Event patterns (emit / @EventPattern) are fire-and-forget. The publisher emits an event and does not wait. Use these for side effects - sending emails, logging activity, updating search indexes.
// Request-response (gateway waits for user data)
const user = await firstValueFrom(
this.client.send({ cmd: 'user.create' }, data),
);
// Event (gateway doesn't wait for email to be sent)
this.client.emit('user.registered', { userId: user.id });
// Event handler in notification service
@EventPattern('user.registered')
async onUserRegistered(@Payload() data: UserRegisteredEvent) {
await this.emailService.sendWelcome(data.userId);
await this.pushService.subscribeToUpdates(data.userId);
}Error Handling
RPC exceptions are the way to propagate errors from a microservice back to the gateway.
// Throwing in the microservice
@MessagePattern({ cmd: 'user.findById' })
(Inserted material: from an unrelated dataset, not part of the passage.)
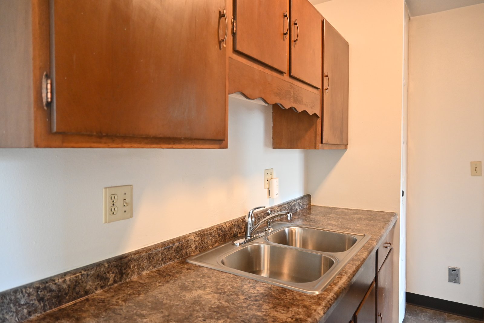 The property features on-site parking and laundry facilities. Rent includes water/sewer, garbage/recycling, lawn care, and snow removal. Residents pay their own electric, heat, hot water, and gas.
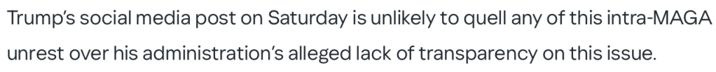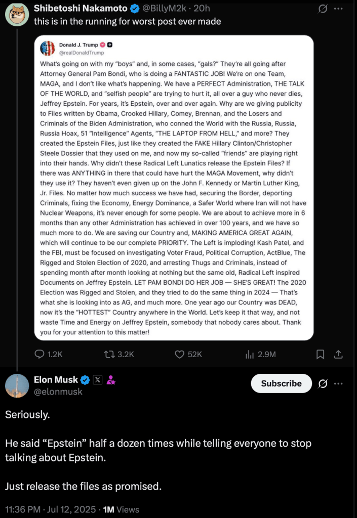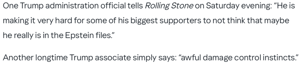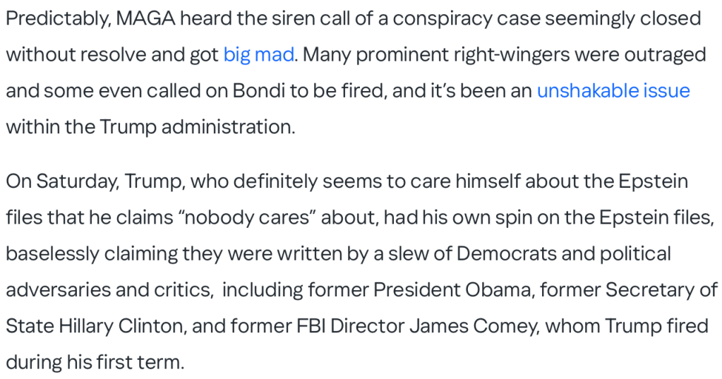 Sure, justice for Trump would be a prison sentence, but getting fucked in the end by a pedophile does make for a sweet karmic consolation prize. Since it is obvious, Trump underestimated the fly-to-shit attraction between morons and conspiracy theories. Not to mention, the Epstein files have always been the lube MAGA influencers used to jerk Trump’s base right into believing the Democrats were the party of perves and diddlers despite facts cockblocking that argument. So, without ever finishing off his base with a desired money-shot moment, the entire MAGA circle jerk is now left holding their dicks and somehow blaming Pam Blondi, not Trump, for their political loyalty suddenly turning bluer than their balls. Because, at the end of the day, no one cares about getting to the bottom of a sex trafficking ring more than a bunch of misogynists, whose devotion to a sex offender is what got us here in the first place.

async findUser(@Payload() id: string) {
const user = await this.usersService.findById(id);
if (!user) {
throw new RpcException({
statusCode: 404,
message: 'User not found',
});
}
return user;
}
// Catching in the gateway controller
@Get(':id')
async findOne(@Param('id') id: string) {
try {
return await firstValueFrom(
this.userClient.send({ cmd: 'user.findById' }, id),
);
} catch (err) {
const error = err.error ?? err;
throw new HttpException(
error.message ?? 'Internal error',
error.statusCode ?? 500,
);
}
}Dead Letter Queues
A dead letter queue (DLQ) captures messages that failed to process after N retries. Essential for production - without a DLQ, failed messages are silently dropped or cause infinite retry loops.
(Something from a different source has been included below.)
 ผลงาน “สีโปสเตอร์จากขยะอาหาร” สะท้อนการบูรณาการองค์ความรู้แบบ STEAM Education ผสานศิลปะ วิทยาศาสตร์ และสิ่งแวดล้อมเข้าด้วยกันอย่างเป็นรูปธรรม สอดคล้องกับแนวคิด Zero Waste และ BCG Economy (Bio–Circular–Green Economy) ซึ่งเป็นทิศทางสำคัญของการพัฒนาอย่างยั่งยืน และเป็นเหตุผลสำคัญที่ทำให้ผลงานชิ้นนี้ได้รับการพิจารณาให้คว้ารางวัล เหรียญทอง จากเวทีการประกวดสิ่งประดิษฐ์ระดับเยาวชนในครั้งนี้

// Queue with DLQ configuration
queueOptions: {
durable: true,
arguments: {
// Route failed messages to a dead letter exchange
'x-dead-letter-exchange': 'dlx',
'x-dead-letter-routing-key': 'dead_letters',
// Optional: auto-retry after 30s by setting TTL on the DLQ
'x-message-ttl': 30000,
// Limit queue size to prevent memory issues
'x-max-length': 10000,
},
}Monitor your DLQ queue depth. Messages accumulating there mean a consumer is broken or a downstream dependency (database, email service) is down.
Health Checks
Each microservice should expose a health endpoint for your orchestration layer (Kubernetes, ECS) to probe:
// user-service/src/health/health.controller.ts
@Controller('health')
export class HealthController {
constructor(
private health: HealthCheckService,
@InjectConnection() private connection: Connection,
) {}
@Get()
@HealthCheck()
check() {
return this.health.check([
async () => {
const state = this.connection.readyState;
return state === 1
? { mongodb: { status: 'up' } }
: Promise.reject(new Error('MongoDB disconnected'));
},
]);
}
}Production Tips
- Always use durable queues - messages survive RabbitMQ restarts without durable queues, you lose them on redeploy.
- Set
noAck: falseand acknowledge messages manually - this prevents message loss if your consumer crashes mid-processing. - Set prefetchCount - prevents one slow consumer from hogging all messages. Start with 1 and tune up.
- Use separate exchanges for different domains instead of routing everything through one queue.
- Monitor queue depth - growing queues signal a consumer bottleneck or downstream outage.
- Implement a retry strategy with exponential backoff using the DLQ + TTL pattern above.